A Tyrannosaurus rex prompted a successful radiologist of over 30 years to redirect his focus on something completely different: evolutionary biology. Press play for a fascinating look into the mind of William B. Miller, Jr., where medicine, evolution, and virology intersect.

Press play to explore:

  • Are viruses alive, and if so, does that mean they’re self-aware?
  • Are viruses capable of contingent decision-making, and if so, how should that direct the means by which we control them for our own benefit?
  • In what way living things “know” doubt and make predictions, and what this may imply about viruses

As a radiologist, Dr. Miller noticed recurring patterns of overlap between infectious diseases and cancer. At the time, scientific evidence provided Dr. Miller with no explanation as to why he was noticing these reiterative patterns. Then he met Sue, one of the world’s best-preserved Tyrannosaurus rex specimens.

He noticed several features of the skeleton that were shared by the human skeleton, and his interest was piqued like never before. He dove into a new understanding of evolution of life on earth: evolution based on cognition. Rather than subvert Darwinism, it explains it in an arguably better way, and according to Dr. Miller, leads directly to the question of how to place viruses in the correct evolutionary schema.   

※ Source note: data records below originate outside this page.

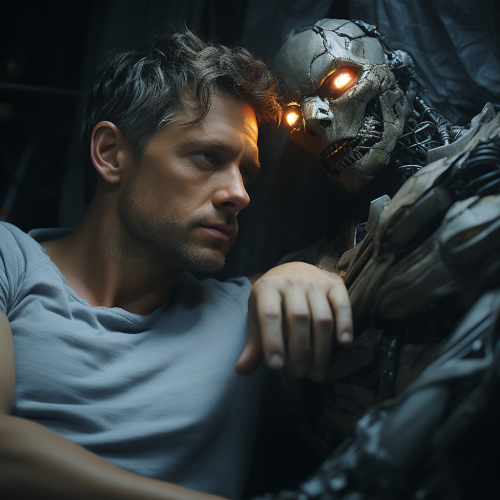 Analog Portrait of Young Arab Woman with Male Robot
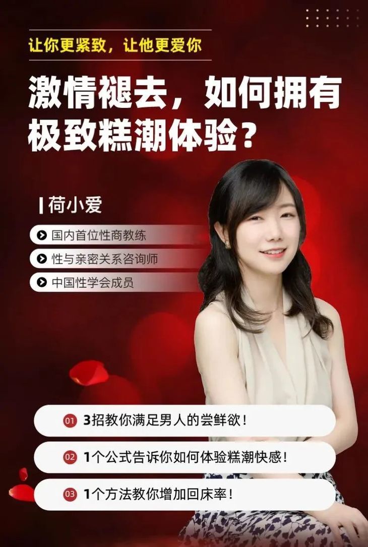 无xing生活给婚姻带来的伤害,远比大多数人想象的要严重。不少中年夫妻在婚后逐渐陷入“床上无xing,床下无话”的状态,从而两个人渐行渐远。就像我的闺蜜爱丽,婚后激情有所褪去,手机微信上,老公和兄弟的对话,字里行间尽是对爱丽深藏已久的不满和抱怨:——“在外头看来,她没法挑剔,但是回到家,躺床上就是一块木头,激不起任何欲望”爱丽看到后满是羞愤,不敢直面老公,只好找姐妹们诉苦。“他说过会爱我一辈子的,我为他付出那么多,为什么要这样对我?!”她问道:“你老公说你'不解风情',那你们关于‘那方面’是什么情况?”爱丽先是一愣,沉默半晌后说:“我们俩……的确很久没有亲热了。”她接着说:“自从大宝出生后,我对那方面的欲望就变少了。亲热时也感到干涩无力,自然能拒就拒,有时拒绝不了,也只能勉强配合……”晨姐叹了口气,说:“看来你俩的问题,不是不爱,而是缺乏高质量、有情趣的夫妻生活。福利二:抽奖送【夫·妻按·摩视频+两·性电影教程+性·感撩人视频教程】高质量、有情趣的夫妻生活,不仅会让男人对妻子更着迷,也会让女人享受到致命的愉悦。但和谐的xing生活,不是凭空得来的,需要不断训练和学习。夫妻生活从来都是老公主动,而且每次都是同一个姿势;偶尔老公有新想法,她也总是羞于配合。渐渐地,老公似乎对她越来越不感“xing趣”了,夫妻生活越来越少。还好后来遇到了性商教练荷小爱,收获了新的两xing认知,她还跟着荷小爱学到满满干货,从“根”上解决男人问题:福利二:抽奖送【夫·妻按·摩视频+两·性电影教程+性·感撩人视频教程】她是圈内小有名气的xing商教练,性与亲密关系咨询师 ,也是实战派情趣私教。她独创的“5感”训练法,迄今已成功帮助10000+学员,数千对情侣、夫妻双双奔赴爱河,有效改善亲密关系。其次,荷小爱不会给你灌心灵鸡汤,更多注重的是实操干货,帮更多人解决隐于启齿的xing事难题,让你学会就能直接用,甚至当晚就能见效。这一次,荷小爱老师带着一场免费福利直播,带给你更多“实战派”的情趣体验,让你从此告别松弛、无高巢、xing冷淡,重获紧致、润滑、甜蜜的愉悦生活!你想成为释放自我,会爱、敢爱、能爱、成为高xing商的幸福女人吗?
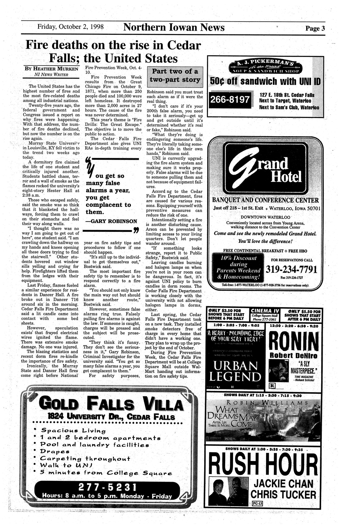 | Fire deaths on the rise in Cedar Falls; the United States; part two of a two-part story | Fire deaths are on the rise in the United States; students must take all fire alarms seriously. |
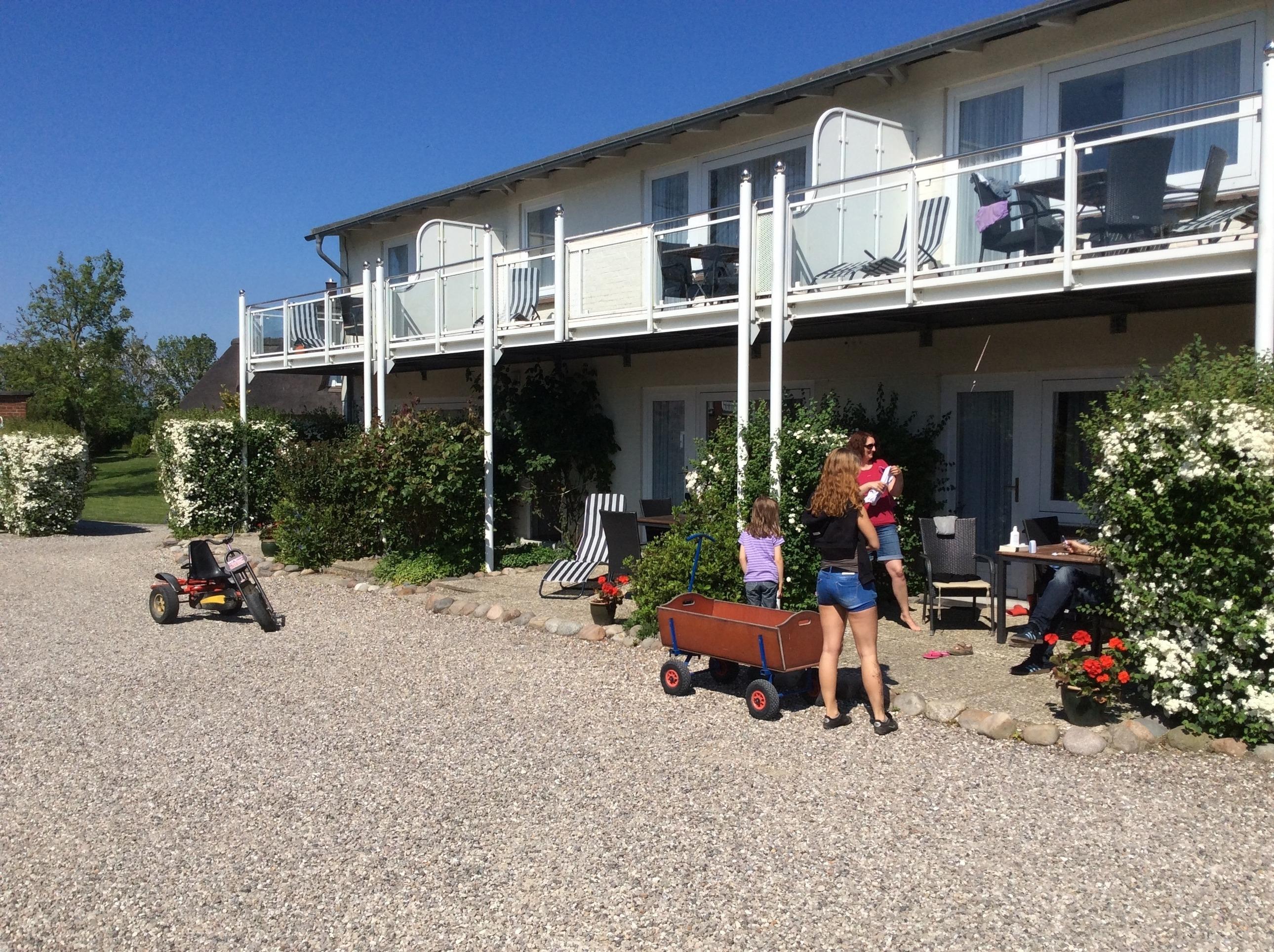 Zu Ihrer Haustür gelangen Sie über Ihre Hofterrasse. Sie betreten Ihre Wohnung in Ihr Wohnzimmer. Dieses ist zusätzlich mit einer offenen Einbauküche und einem schönen Essbereich ausgestattet. Das geräumige Duschbad und die Schlafräume befinden sich im hinteren Teil der Wohnung. Das Elternschlafzimmer verfügt über ein Doppelbett und das Kinderzimmer über zwei Einzelbetten. Von Ihrer Terrasse können Sie Ihren Kindern aus der ersten Reihe auf dem Spielplatz beim Spielen zusehen. Die Spielscheune ist nur ein paar Schritte entfernt.
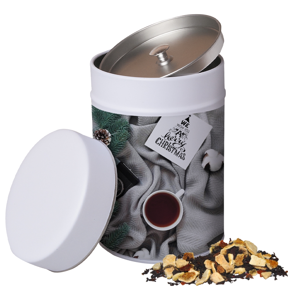 Artikel-Nr: FNM02360Geschenk-Set Premium rot mit Magnetverschluss und 4 Kraftpapierdosen Mini aus Papier. Werbeanbringung als Direktdruck in 4c individuell bedruckbar. Zutaten Verschiedene Weihnachts Teesorten, Bio und nicht-Bio: Kaminfeuer Tee: Hibiskusblüten, Ingwer, Hagebuttenschalen, Apfel, Karotten, Orangenschalen, natürliches Aroma, Lemongras, Kornblumenblüten, Chillies. - Wintertage Tee: Schwarzteemischung (Schwarztee China Op Jinjing, Hagebutten, Zimt, Nelken), Orangenschalen, Zitronenschalen. - Bratäpfelchentee: Apfel, Hibiscusblüten, Orangenschalen, Hagebuttenschale ...
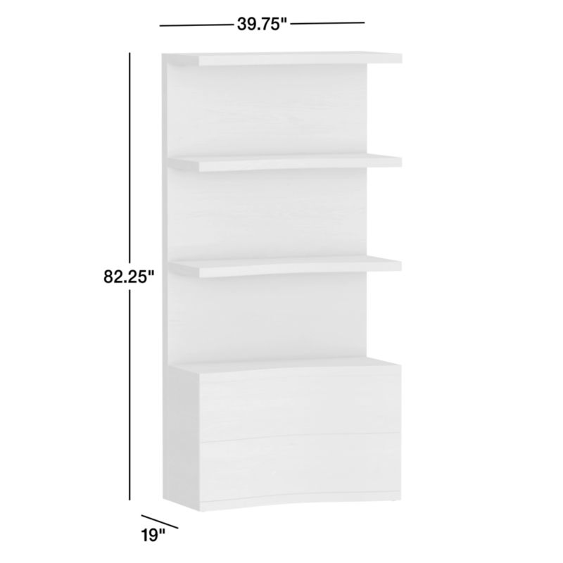 Contemporary and curvaceous, Coast's dynamic design flows an undulating facade. Open shelves follow the same wavy curves as the set of drawers, creating varying depths for display and storage. Made of white oak with a fresh whitewashed finish, the bookcase can be used in multiples for the look of a custom built-in.

This conversation leads to so many compelling topics, including how infectious disease and evolution mirror each other, the concept of the virocell, forms of communication between viruses, a new science called sociovirology which involves the ideas of cooperation, codependence, and collaboration between viruses, why a virus is either lytic, lysogenic, or endogenizing, philosophical implications of the virome, what Dr. Miller means when he refers to viral “personalities,” in what way the principle of parsimony seems violated by the sheer number of incomplete virions in certain viral infections, how the idea of quasi-species has been used as one of the origin of life theories, where he believes the field of virology needs to go, and so much more.